#### Dataset excerpt:
* * *
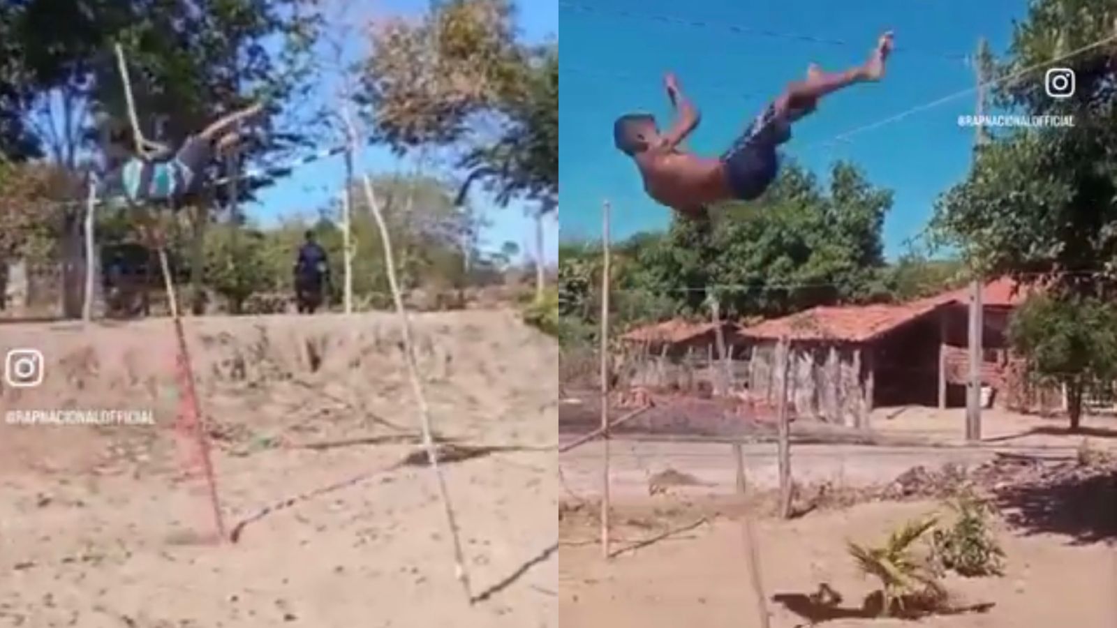 Um vídeo que mostra o menino Moisés da Silva, de 13 anos, praticando salto com vara improvisada na cidade de Curralinhos, no interior do Piauí, ganhou as redes sociais neste domingo (11).
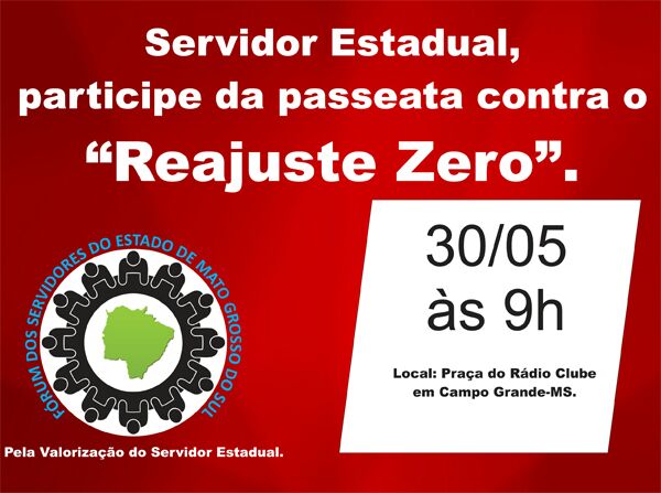 convida todos os servidores e seus familiares para a passeata contra o reajuste zero, que acontecerá
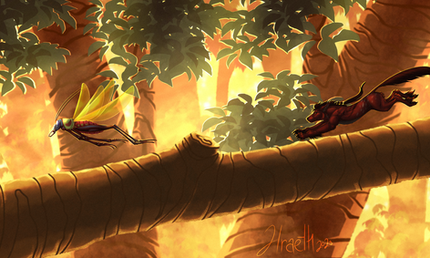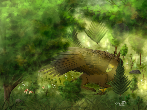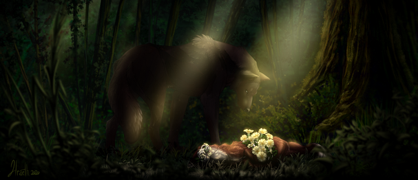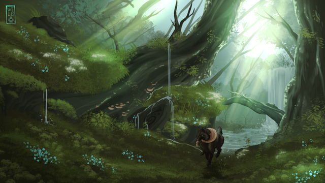 Having received news of an ominous blight within the root of the Sapling, Morioch makes a detour through the area of the Great Root. The injuries sustained during his hunting exploits are not so serious as to keep him from looking through the area to search for any sign of the malady within the Sapling's offshoots or other woodland specimens.
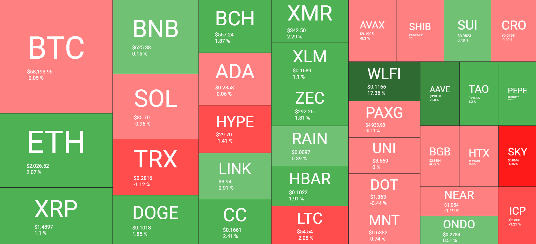 The largest cryptocurrency briefly tried to reclaim the level on Monday, only to be pushed down toward $67,000 as sellers emerged around the breakout zone. It was trading near $68,000 early Wednesday, roughly flat on the day but now sitting under what had been short-term support.
* * *
#### Try it:
Go through the listing above and retype each line exactly, apart from the pictures.

#### Answer to the problem:
 Um vídeo que mostra o menino Moisés da Silva, de 13 anos, praticando salto com vara improvisada na cidade de Curralinhos, no interior do Piauí, ganhou as redes sociais neste domingo (11).
 convida todos os servidores e seus familiares para a passeata contra o reajuste zero, que acontecerá
 Having received news of an ominous blight within the root of the Sapling, Morioch makes a detour through the area of the Great Root. The injuries sustained during his hunting exploits are not so serious as to keep him from looking through the area to search for any sign of the malady within the Sapling's offshoots or other woodland specimens.
 The largest cryptocurrency briefly tried to reclaim the level on Monday, only to be pushed down toward $67,000 as sellers emerged around the breakout zone. It was trading near $68,000 early Wednesday, roughly flat on the day but now sitting under what had been short-term support.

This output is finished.